From the listing below, output only the lines starting at the line that has "Made from a" and ending at the line that has "I usually try", exactly as they appear, ends included.

◆ **PROVIDED ENTRIES**
=-=-=-=-=
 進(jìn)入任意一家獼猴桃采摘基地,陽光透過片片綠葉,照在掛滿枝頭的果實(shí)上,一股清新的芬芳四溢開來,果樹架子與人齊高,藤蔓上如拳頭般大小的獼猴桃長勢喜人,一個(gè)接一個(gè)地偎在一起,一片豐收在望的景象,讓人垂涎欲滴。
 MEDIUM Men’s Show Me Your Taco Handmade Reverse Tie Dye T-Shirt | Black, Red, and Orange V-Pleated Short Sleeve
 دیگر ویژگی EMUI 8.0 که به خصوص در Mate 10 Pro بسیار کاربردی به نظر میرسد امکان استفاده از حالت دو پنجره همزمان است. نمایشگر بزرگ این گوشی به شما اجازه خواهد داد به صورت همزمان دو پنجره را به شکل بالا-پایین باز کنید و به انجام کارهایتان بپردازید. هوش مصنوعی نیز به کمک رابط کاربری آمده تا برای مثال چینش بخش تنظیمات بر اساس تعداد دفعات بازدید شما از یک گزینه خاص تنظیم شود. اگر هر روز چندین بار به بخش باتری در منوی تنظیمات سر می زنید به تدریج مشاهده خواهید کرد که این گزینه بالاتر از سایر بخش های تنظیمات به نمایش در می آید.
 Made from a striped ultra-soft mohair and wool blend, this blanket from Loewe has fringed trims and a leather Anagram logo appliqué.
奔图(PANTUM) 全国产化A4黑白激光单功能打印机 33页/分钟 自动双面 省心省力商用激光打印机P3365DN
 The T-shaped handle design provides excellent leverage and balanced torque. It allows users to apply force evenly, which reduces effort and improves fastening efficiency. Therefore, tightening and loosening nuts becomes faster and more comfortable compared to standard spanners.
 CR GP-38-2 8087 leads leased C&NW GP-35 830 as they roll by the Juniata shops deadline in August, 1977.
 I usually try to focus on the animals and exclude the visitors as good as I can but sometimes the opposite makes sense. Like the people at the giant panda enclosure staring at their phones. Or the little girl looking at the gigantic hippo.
=-=-=-=-=
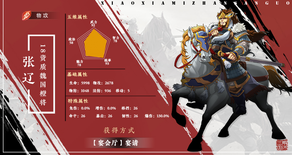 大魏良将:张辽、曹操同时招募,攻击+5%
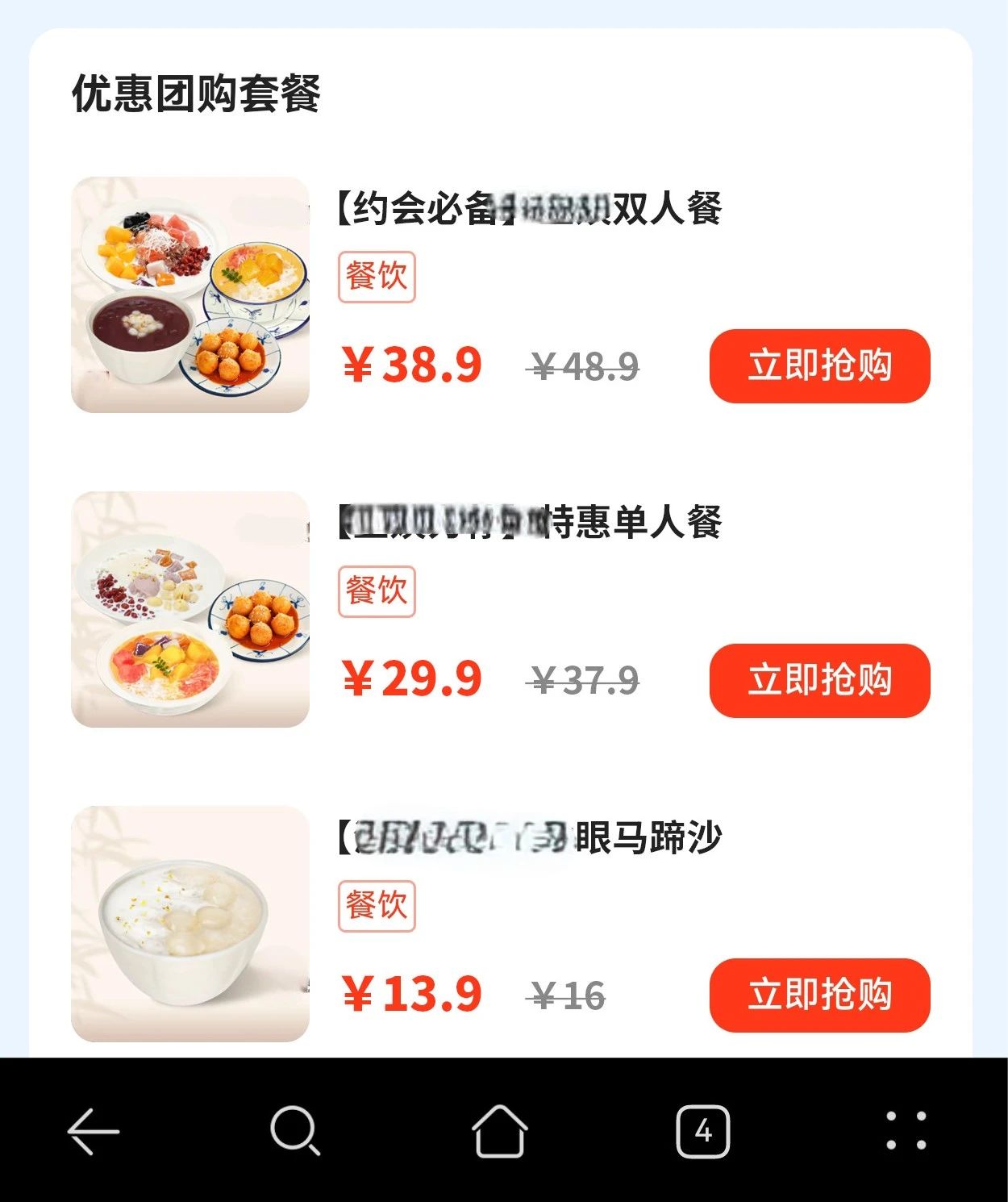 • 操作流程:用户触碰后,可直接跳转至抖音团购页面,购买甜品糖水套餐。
=-=-=-=-=
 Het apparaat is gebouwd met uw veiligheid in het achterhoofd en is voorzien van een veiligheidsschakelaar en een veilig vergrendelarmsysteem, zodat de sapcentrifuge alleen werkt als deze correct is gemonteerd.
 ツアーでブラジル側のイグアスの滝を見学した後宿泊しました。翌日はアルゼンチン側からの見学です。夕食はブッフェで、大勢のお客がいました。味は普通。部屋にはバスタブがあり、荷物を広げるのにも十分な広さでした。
=-=-=-=-=
◆ **SOLVED PROBLEM**
 Made from a striped ultra-soft mohair and wool blend, this blanket from Loewe has fringed trims and a leather Anagram logo appliqué.
奔图(PANTUM) 全国产化A4黑白激光单功能打印机 33页/分钟 自动双面 省心省力商用激光打印机P3365DN
 The T-shaped handle design provides excellent leverage and balanced torque. It allows users to apply force evenly, which reduces effort and improves fastening efficiency. Therefore, tightening and loosening nuts becomes faster and more comfortable compared to standard spanners.
 CR GP-38-2 8087 leads leased C&NW GP-35 830 as they roll by the Juniata shops deadline in August, 1977.
 I usually try to focus on the animals and exclude the visitors as good as I can but sometimes the opposite makes sense. Like the people at the giant panda enclosure staring at their phones. Or the little girl looking at the gigantic hippo.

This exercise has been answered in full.